- Born: 20 December 1886 Ael-y-bryn, Felin-foel, Llanelli, Wales
- Died: November 8, 1954 (aged 67) London, England
- Occupation: Public official
- Relatives: Brian Trubshaw (nephew)

= Gwendoline Trubshaw =

Welsh civil servant (1886–1954)

Dame Gwendoline Joyce Trubshaw, DBE (20 December 1886 – 8 November 1954) was a Welsh public sector official responsible for the recruitment and subsequent welfare of women who took part in support work for the First World War. She was an elected member of the Carmarthen County Council and had leading roles in a range of education and health organisations.

==Early life==
Trubshaw was the daughter of Ernest Trubshaw and Lucy Timmis Smith Trubshaw, of Ael-y-bryn, Felin-foel, Llanelli, and was baptised on 1 April 1887. Her father was a factory manager, born in England; her nephew Brian Trubshaw became a noted test pilot.

== Career ==
Trubshaw was responsible for the recruitment of women for war service during WWI, and served as chairman of the South-West Wales War Pensions Committee and honorary secretary to the Soldiers', Sailors' and Airmen's Families Association. She served on the Carmarthenshire Naval and Military Pensions Committee in 1917. From that work, she was elected to the Carmarthen County Council in 1919, with the support of the Discharged and Demobilised Soldiers' and Sailors' Association. She was the council's first chairwoman in 1937. In 1938, she served on a committee to consider how the Contributory Pensions Act affected single women.

In 1949, Trubshaw was one of only two independent candidates to secure election in Llanelli, when all other seats in the county were won by Labour. She was governor of Llanelli County Schools and Chairman of Llanelli School of Art, a member of the Carmarthenshire Blind Society, and for four years was Chairman of the West Wales Joint Board for Mental Defectives.

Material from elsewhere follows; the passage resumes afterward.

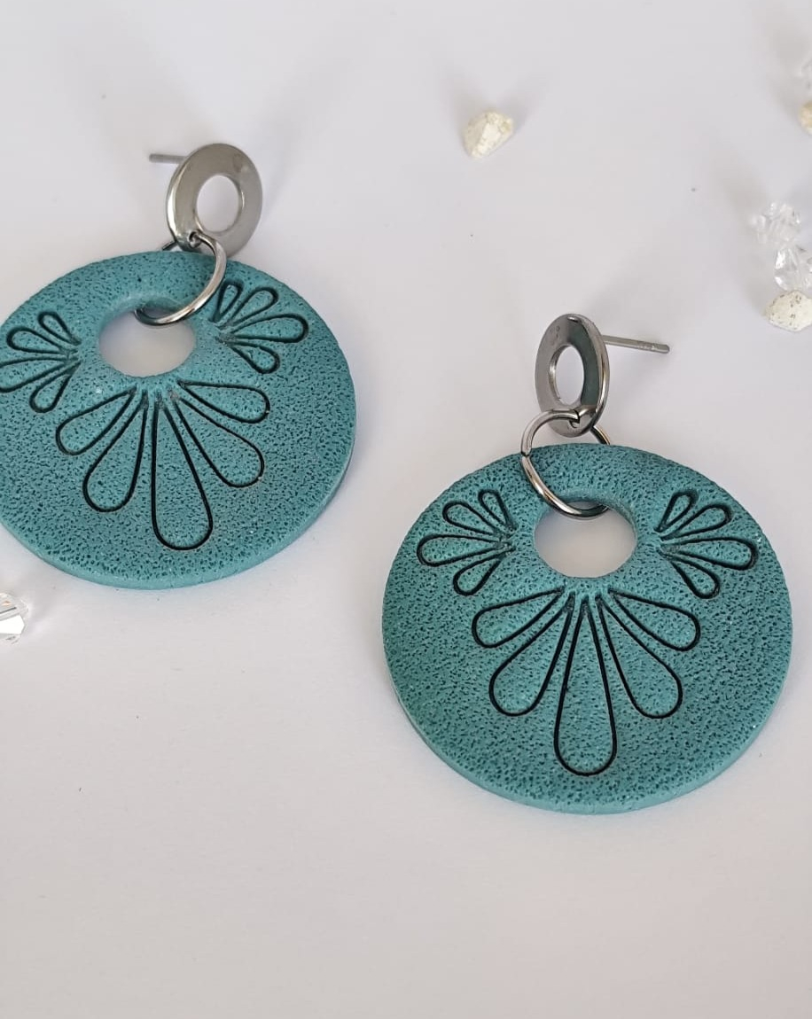 lutul polimeric si accesoriile metalice din otel inoxidabil ( materiale non alergenice ) sunt parte din aceasta minunata pereche de cercei lucrata manual .

In 1939, Trubshaw became the organiser for the newly-formed Women's Voluntary Service for her county. Having been a member of the Public Health Committee for nearly 27 years, she was Chairman in 1946, and in 1951 became member of the Central Health Services Council.

==Honours==
Trubshaw received a CBE in 1920, for her wartime service. In 1938, she was elevated to Dame Commander of the British Empire (DBE).

== Personal life ==
Trubshaw lived at Cae'r Delyn, Llanelli. She died in London on 8 November 1954, aged 67 years.